LAST Friday, Marie Shroff bid farewell to her role of Privacy Commissioner, a job she has held for the past 10 years.
The privacy commission serves as an independent watchdog for New Zealand, keeping an eye on privacy issues, something which Ms Shroff admits is becoming a more important issue for the general public.
She said this was due to the increasing use of apps, social networking and cloud computing, and increasing awareness of the amount of personal information online.
As well as being the Privacy Commissioner, Ms Shroff has also worked as a journalist and was previously Cabinet Secretary for 16 years.
Since being appointed to the role of Privacy Commissioner in late 2003, Ms Shroff admits the role has changed a lot in the past 10 years.
“There was no Facebook, Google was still developing. This is now the digital century, we weren’t so conscious of that at the start.”
Ms Shroff said that by 2010, people’s attitudes to privacy began to change as they were becoming more aware of how much personal information they were putting online.
This was due to people becoming more and more aware that free or low-cost services like social networking sites and apps were costing their users in other ways.
Instead of taking money, they take personal information and can track user behaviour, which creates profitable databases.
“There’s no such thing as a free lunch, it’s not a game,”she says.
A particularly busy year for Ms Shroff was 2012, or “the year of the privacy breach”, due to a number of high profile agencies suffering privacy breaches.
Around that time, Government agencies The Earthquake Commission, Accident Compensation Commission and the Ministry of Social Development all suffered privacy leaks.
Ms Shroff was personally involved with the inquiry of the ACC privacy breach, which resulted in 6748 clients’ personal information being accidentally sent to a member of the public.
She said it was a simple matter of human error, and that “how it actually happened was some poor lady clicked the wrong button”.
Ms Shroff saw this as a turning point in privacy in New Zealand, because it changed the way personal information was valued.
Before this data breach, too many companies and government agencies failed to value information as an asset, but have since changed the way they operate to prevent it happening again.
“I would expect things to improve.

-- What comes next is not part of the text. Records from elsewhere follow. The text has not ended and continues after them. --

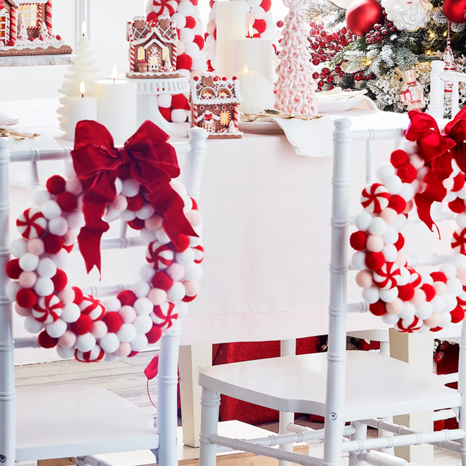 Have you ever seen a cuter wreath?? It features light pink, bold red, and bright white pom pom balls dotted with red and white peppermint candies in the shape of a wreath finished off with a red velvet bow! Made by Raz Imports. Made of polyester, wool, and felt. Dimensions: 13″. Item #: W4316146Â
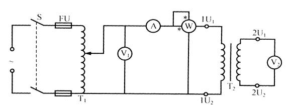 調(diào)壓變壓器一臺(tái),待測(cè)變壓器一臺(tái),交流電壓表兩只,交流電流表一只,低功率因數(shù)功率表一只,刀開(kāi)關(guān)一只,導(dǎo)線(xiàn)若干。
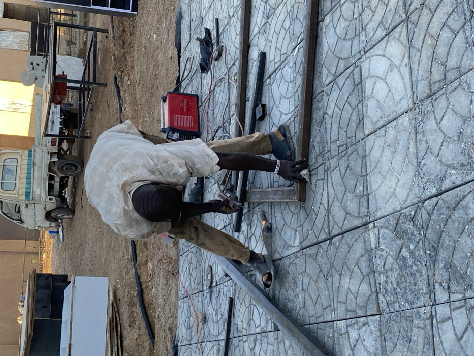 A dark-skinned man is welding metal on a patterned stone surface outdoors. He wears a light-colored shirt, trousers, and sandals. A red welding machine sits nearby with its wires extending towards him. Various metal pieces are scattered around. A small truck with a flatbed is parked behind him, along with some furniture or structures being assembled. The ground around the workspace appears to be a mixture of dirt and gravel.
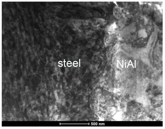 TEM image of the NiAl + CrB2 coating deposited on steel substrate after 32 h, presenting the substrate/coating interface.
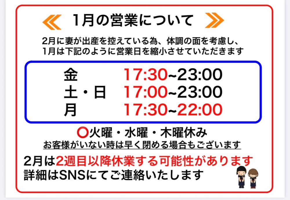 2月に妻が出産を控えております為、1月より営業日を縮小させていただきます。ご不便をおかけしますが、よろしくお願いします🙇🏻♂️🙇🏻♀️2026.1.12
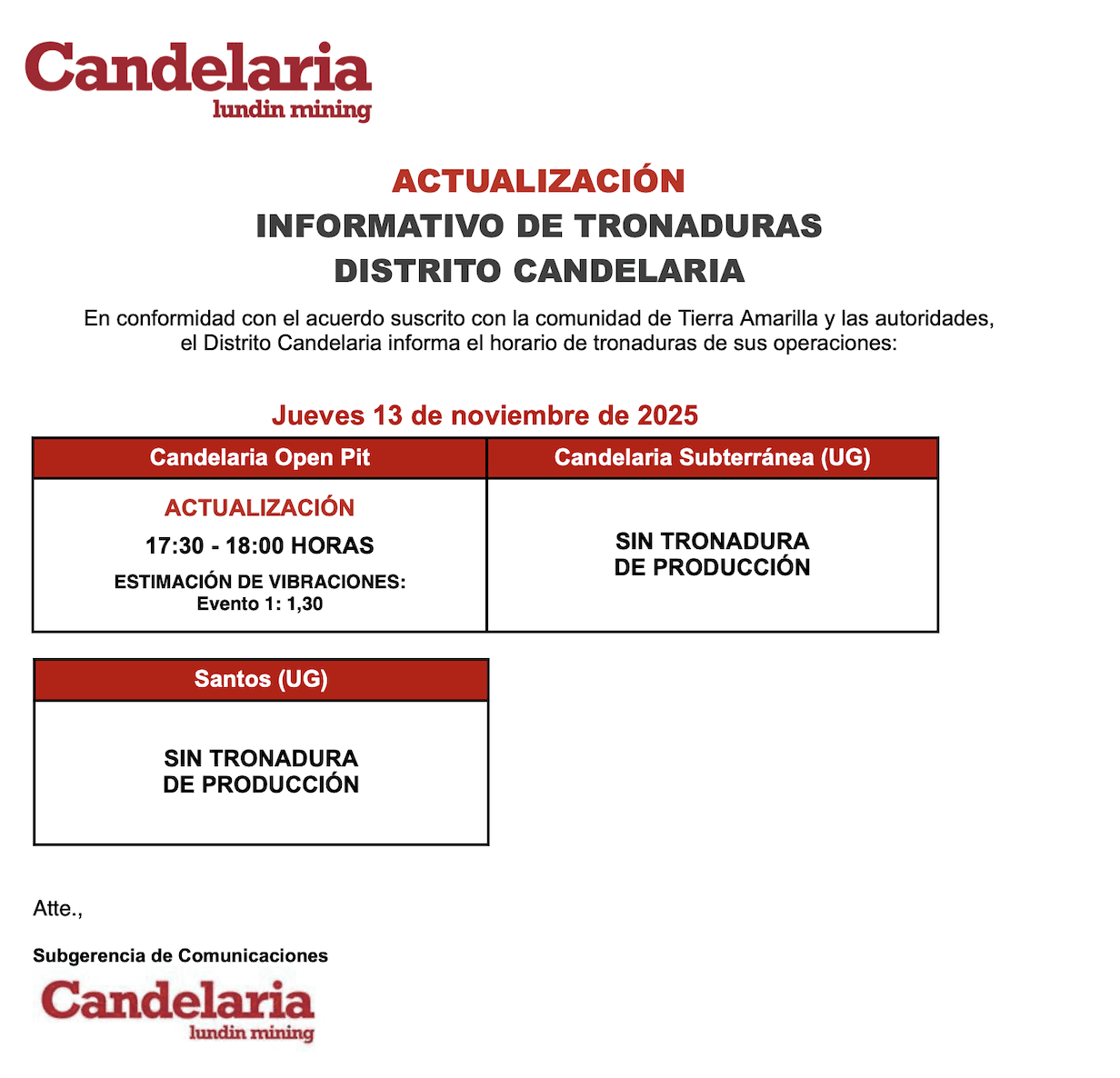 ACTUALIZACIÓN INFORMATIVO DE TRONADURAS CANDELARIA / JUEVES 13 DE NOVIEMBRE DE 2025
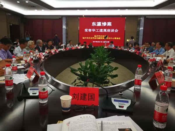 会上举行“温州市历史学会东瀛惨案史研究中心”成立及授牌仪式,市历史学会秘书长夏诗荷宣读《关于同意成立温州市历史学会东瀛惨案史研究中心》的批复,市历史学会会长刘建国授予东瀛惨案史研究中心筹备组组长周江法“东瀛惨案史研究中心”牌匾并代表市历史学会讲话。市外侨办副主任朱玉贵在座谈会上说,“东瀛惨案史研究中心”的成立是去年“1923年关东大地震旅日罹难华工遗属座谈交流大会”以来的一项重要成果,标志着纪念维权活动开始了新的里程。他希望“东瀛惨案史研究中心”理清工作思路,制定工作规划,认真调查研究,扎实推进工作,为丰富温州历史学的研究创造新的模式。研究中心秘书长黄爱盛表示,研究中心今后将继续寻找受害华工遗属、发动历史学者研究相关课题、在高校和博物馆巡展东瀛惨案历史资料、建立“东瀛惨案纪念馆”,让更多人了解这段历史。会上,中日历史研究者先后发表研究报告。温州市侨联副主席林春雷表示,历史研究者有责任还原历史真相、填补历史空白,推动遗属们向日本政府索赔并要求谢罪。全国人大代表郑雪君在会上表示准备给全国人大常委会写一份报告,反映相关问题。市历史学会常务副会长张洁做会议总结,他认为这次会议具有开拓性意义。
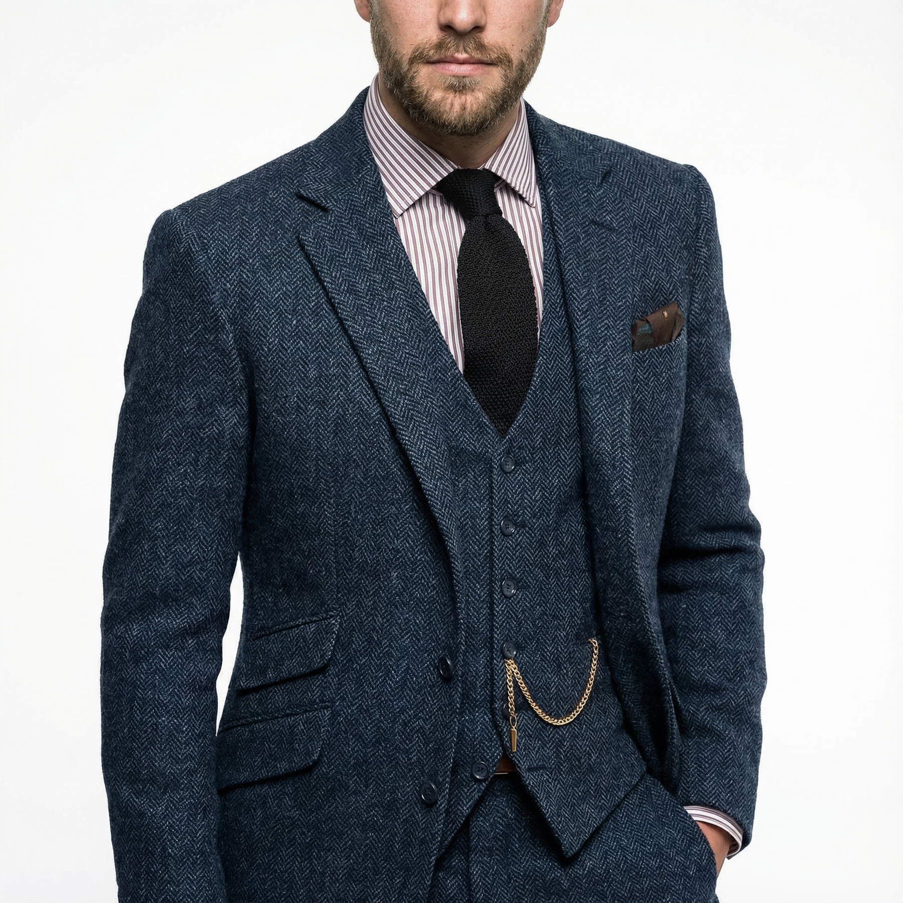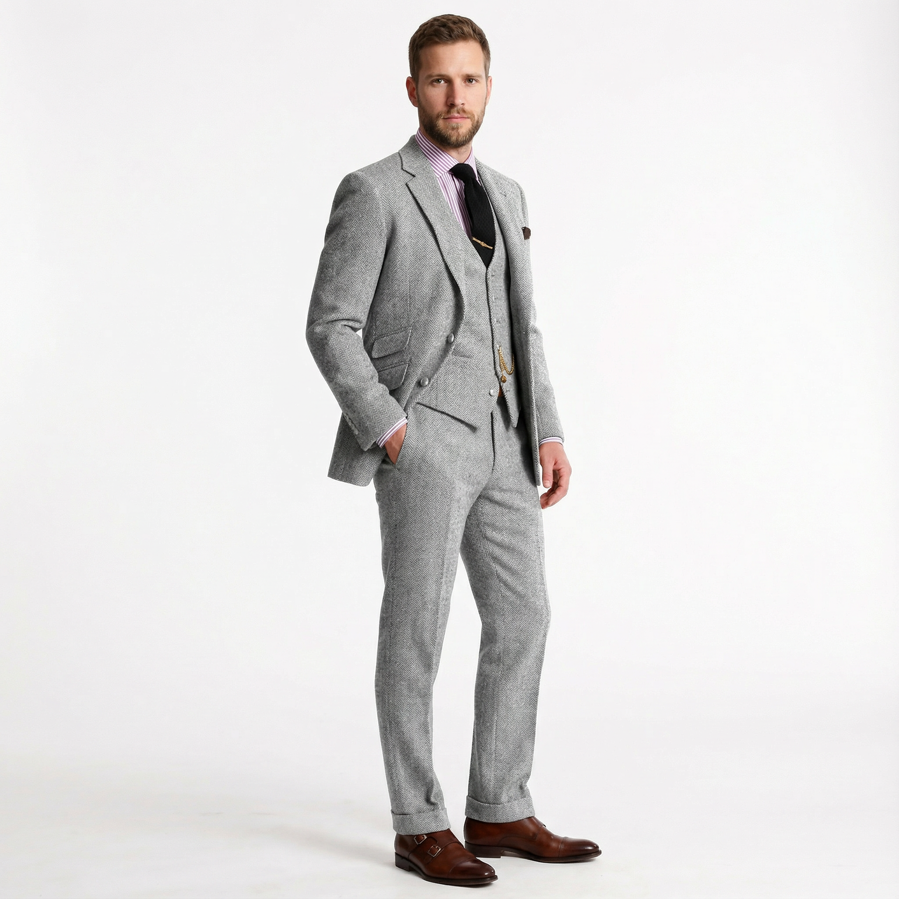 Dieser dreiteilige Herren-Smoking aus Tweed steht für stilvolle Raffinesse und zeitlose Schneiderkunst. Das perfekt abgestimmte Set aus Sakko, Weste und Hose verleiht eine klare, strukturierte Silhouette mit modernem Anspruch. Ideal für Hochzeiten, formelle Events und elegante Abendveranstaltungen.

I feel optimistic that now everybody’s trying to get it right.”
The issue in the past year has seemed to come to a head worldwide, with ‘privacy’ being crowned dictionary.com’s word of the year.
Privacy was on everybody’s mind following the revelations of Edward Snowden and the closer to home issue of the GCSB bill.
The GCSB bill proved a hot topic amongst New Zealanders, as it lead to discussion of the scope of the government’s monitoring abilities.
Ms Shroff wouldn’t give her personal opinion of the bill, but “increased oversight would have been better,” she said.
During her time as Privacy Commissioner, there were three privacy major developments in privacy which Ms Shroff says she takes a great deal of pride in.
The first was the Law Commission’s 2011 review of the Privacy Act, which hadn’t seen an update since 1993.
The review recommended that the Privacy Commissioner be given more direct power to deal with privacy issues by means of compliance notices. Previously commission could only encourage and warn.
The second came in 2012 when New Zealand privacy laws were deemed of a high enough standard and became accepted within the European Union.
This made New Zealand one of only five countries outside the EU to hold this distinction, meaning data can be sent from the EU to New Zealand without any extra controls or regulations.
The final moment Ms Shroff was most proud to be involved in as Privacy Commissioner was the recently launched OWLS programme, which teaches privacy awareness and internet safety in schools.
“If you get people aware about how to protect themselves at school then they’re set for life.”
With the greater use of apps and the rise in the use of cloud computing, Ms Shroff says that privacy issues are becoming more complex.
This, in turn has been met with greater awareness amongst the general public over their privacy, and Ms Shroff has noticed “a big re-assertion of control by the citizen over their information.”
After leaving this position, Ms Shroff is still deciding where she will go to next, but is looking forward to taking a holiday.